Fast forward to 2009 and I think its safe to say that the CD just died. DRM and Quality/Bitrate were the last two barriers to breakout sales for Apple/iTunes and now they have been removed I don’t see why anyone would buy a CD. For the price of a few CD’s you can get an iPod classic which stores more music than you can shake a stick at. In addition, I bet only highly trained professionals could tell the difference between a 256 bitrate AAC file and a CD. I know I can’t.

Of course, the gamble / strategy part in all of this is that a good chunk of people are going to buy the higher quality music which takes up more hard disk space. Hence people are going to need, rather than want, the latest iPhone and iPod touch models that go beyond 32GB when they come out. Admittedly this won’t be everyone, but I don’t think anyone would argue that it will be more than would otherwise. Brilliant, really.
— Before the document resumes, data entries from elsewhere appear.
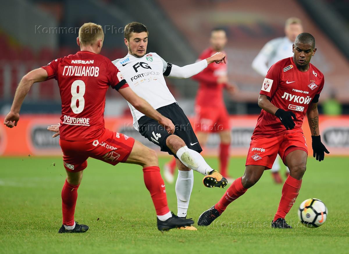 РОСГОССТРАХ Чемпионат России по футболу 2017/2018. 24-й тур. Матч между командами "Спартак" (Москва) и "Тосно" (Тосно, Ленинградская обл.) прошел на стадионе "Открытие Арена". Игрок команды "Тосно" Тимофей Маргасов (справа) во время матча.
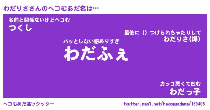 | ファンタジー風あだ名 | 『ワダフェル』『エターナルワダリサー』 |
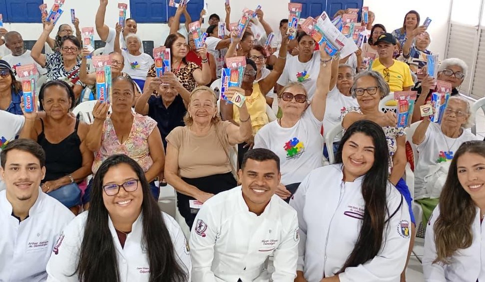 Idosos do Serviço de Convivência e Fortalecimento de Vínculos(SCFV) de do Centro de Referência de Assistência Social (Cras)Dom Adelmo Machado no bairro do Prado, participou de uma manhã rica de informações sobre saúde bucal com estudantes do curso de Odontologia da Uninassau Maceió. A ação faz parte do Projeto de Extensão da faculdade: Sorrisos em Risco - Prevenção Câncer de Boca em idosos.
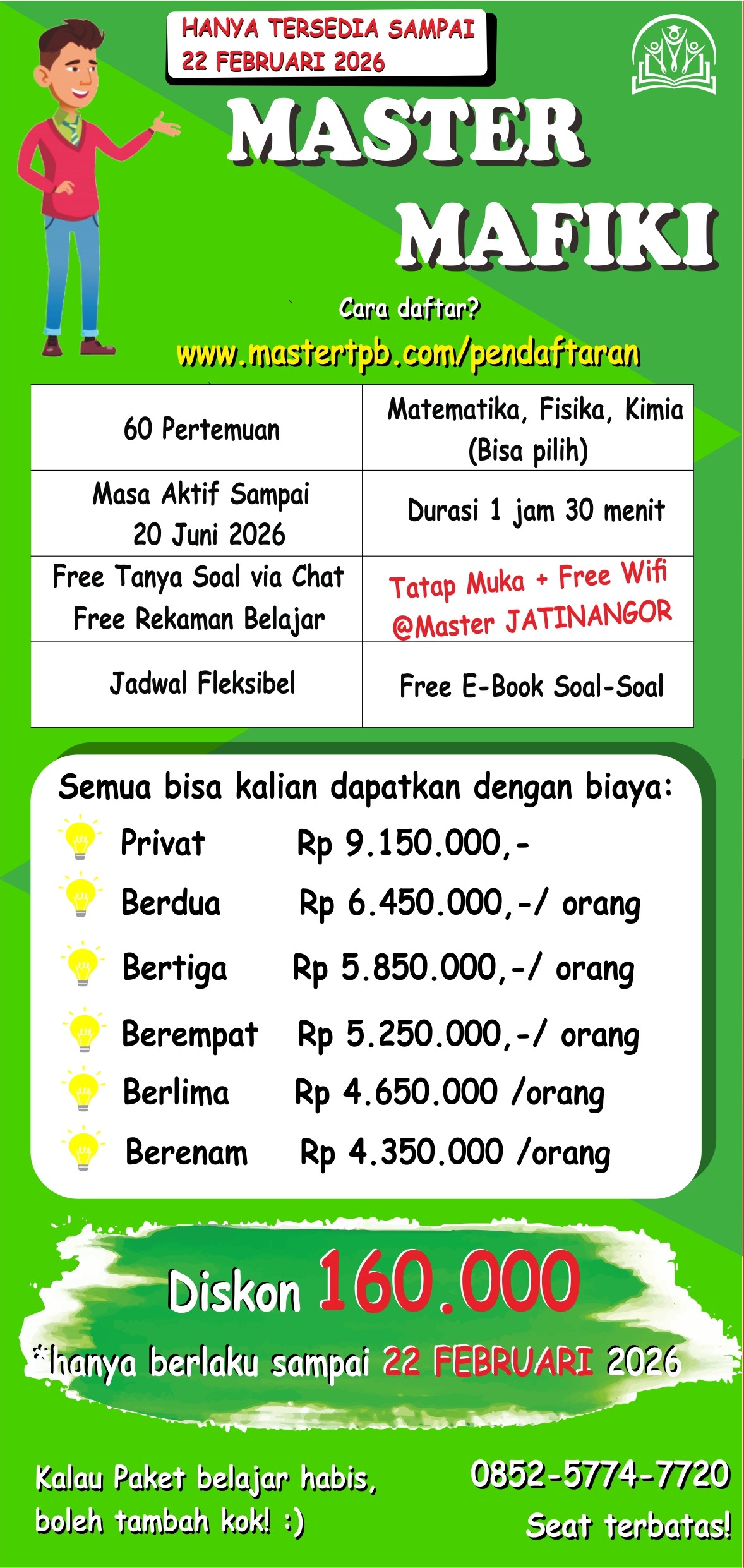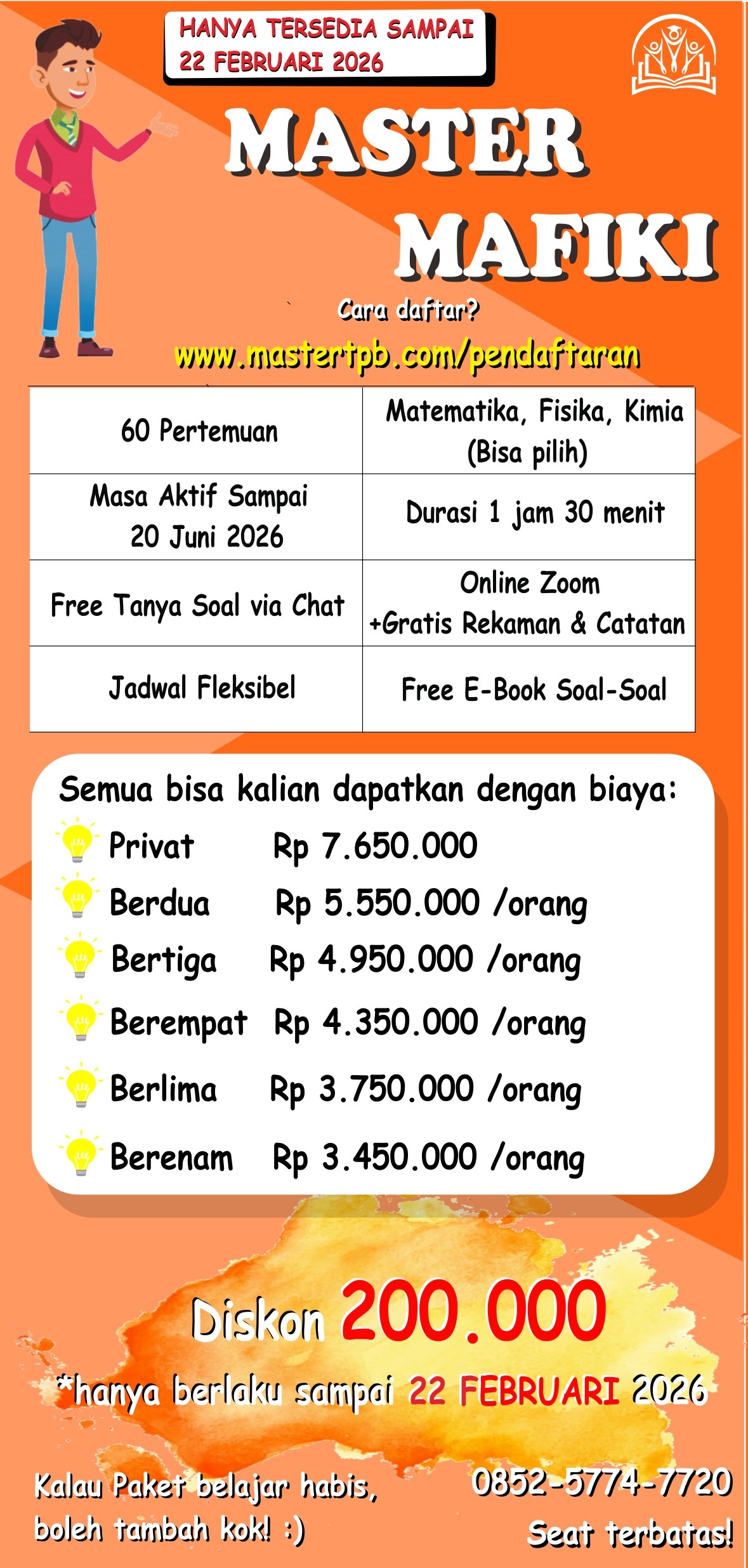 Kali ini ada Paket Belajar Tatap Muka Master MAFIKI 😀

SAN FRANCISCO, Jan. 6 /PRNewswire-FirstCall/ — Apple(R) today announced several changes to the iTunes(R) Store (http://www.itunes.com). Beginning today, all four major music labels — Universal Music Group, Sony BMG, Warner Music Group and EMI, along with thousands of independent labels, are now offering their music in iTunes Plus, Apple’s DRM-free format with higher-quality 256 kbps AAC encoding for audio quality virtually indistinguishable from the original recordings. iTunes customers can also choose to download their favorite songs from the world’s largest music catalog directly onto their iPhone(TM) 3G over their 3G network just as they do with Wi-Fi today, for the same price as downloading to their computer. And beginning in April, based on what the music labels charge Apple, songs on iTunes will be available at one of three price points: 69 cents, 99 cents and $1.29, with most albums still priced at $9.99.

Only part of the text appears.